Climbing is really quite easy to do but notoriously hard to film. Anyone who has been involved in making even a small production of their own realises the logistical difficulties and the problem of making climbing 'interesting' - watching climbers move slowly over a rock face is a rather disembodied experience. And how on earth do you make movies about alpine climbs?!

I was thinking of the 'great' climbing movies (pointedly ignoring 'Cliffhanger') and my thoughts ran back to the excellent thriller The Eiger Sanction with Clint Eastwood and George Kennedy made during the Cold War hysteria in 1975. Since then there have been a few notable high-profile films such as the rather corny 1991 'mountain-buddy' movie K2, the superb Touching the Void by Kevin MacDonald in 2003 and now I think we have the best yet in 2009 - the superb Nordwand (North Face) directed by Philipp Stolzl.
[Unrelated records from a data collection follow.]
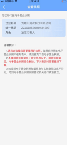 2、不要删除或卸载电子营业执照APP,删除或卸载后,电子营业执照将会删除,下次安装时需要重新下载
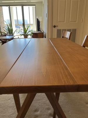 I love the table! It was easy to put together - a very neat package. Alas! It waz a bit too big for my kitchen! I had to give it up, reluctantly. I have Plank & Beam at the top of my list of companies to buy from in the future! Also, great customer service!!
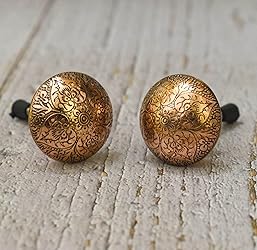 - Add a touch of life to your old units with these beautiful shiny copper hammered design doorknobs. Made of pure copper metal, they are both durable and stylish. The reflective properties of these knobs beautifully reflect light into the room, and they sit on a bright copper base that is flush with the surface of your wardrobe or drawer, creating a seamless and neat finish. These knobs are perfect for decorating, and they are an ideal way to transform your home decor subtly but effectively. They are made from high-quality materials and come with durable fittings, making them suitable for all sorts of applications. Whether you want to use them on your wardrobe, chest of drawers, cabinet doors, bedroom, kitchen, bathroom furniture, dressers, or cupboards, these knobs are the perfect fit. The simple and elegant design of these hammered copper knobs adds a timeless look to your furniture, giving it just the right amount of luxury. Hammered copper is a classic option for those looking for timeless elegance, and these knobs are the quickest and easiest way to refresh your furniture and turn it into a statement piece.
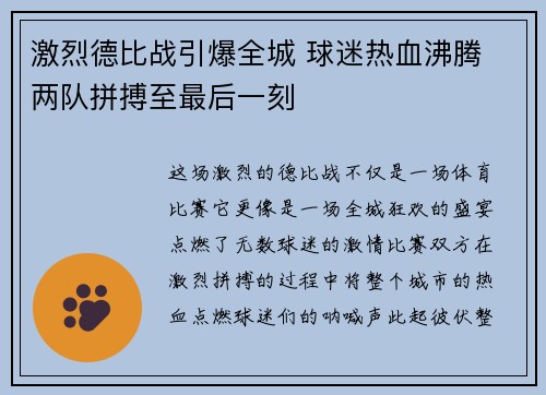 这场激烈的德比战不仅是一场体育比赛,它更像是一场全城狂欢的盛宴,点燃了无数球迷的激情。比赛双方在激烈拼搏的过程中,将整个城市的热血点燃,球迷们的呐喊声此起彼伏,整个城市仿佛沉浸在一种超越平常的竞技氛围...
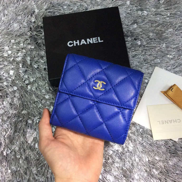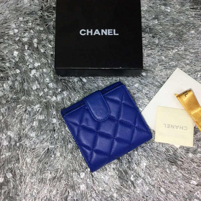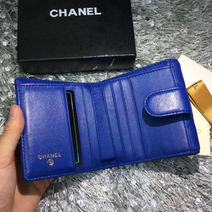 2015 Chanel Matelasse Tri-Fold Wallet Original Sheepskin Leather A48980 Blue
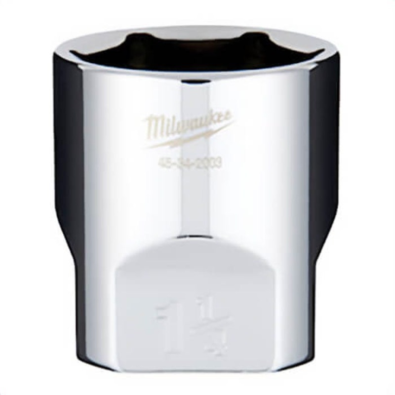 The Milwaukee 1/2 in Drive 1-1/4 in SAE 6-Point Standard Socket with FOUR FLAT Sides was designed from the ground up to be part of the most versatile socket family. The 1/2 in drive sockets feature an innovative design with four parallel flat sides, which
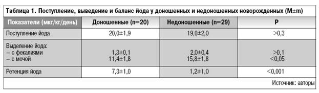 Проведенные F. Delange с соавторами в 1983 г. балансовые исследования на высоком методическом уровне впервые доказали, что 45% и более недоношенных новорожденных детей имеют разную степень отрицательного йодного баланса и выводят йода намного больше, чем потребляют (табл. 1).

Nordwand relates the tragic chain of events in July 1936 which led two talented German climbers (Toni Kurz and Andi Hinterstoisser) close to the first ascent of the Eiger north face, before turning back to help fellow climbers. The slowly unfolding tale of small errors and fateful combinations eats away at their goal as they try to ascend the mountain. Avalanches and rockfall and exposure threaten them all while the world's media looks on in macabre glee at the unfolding tale of tragedy through the hotels' telescopes. A well-crafted movie with great characterisation and a real feeling of exposure in the action sequences, with the constant ringing of hammered pitons in the background, this movie captures the ambiguous motivations of mountaineering but ends suitably with the purity of some climbers' sacrifices.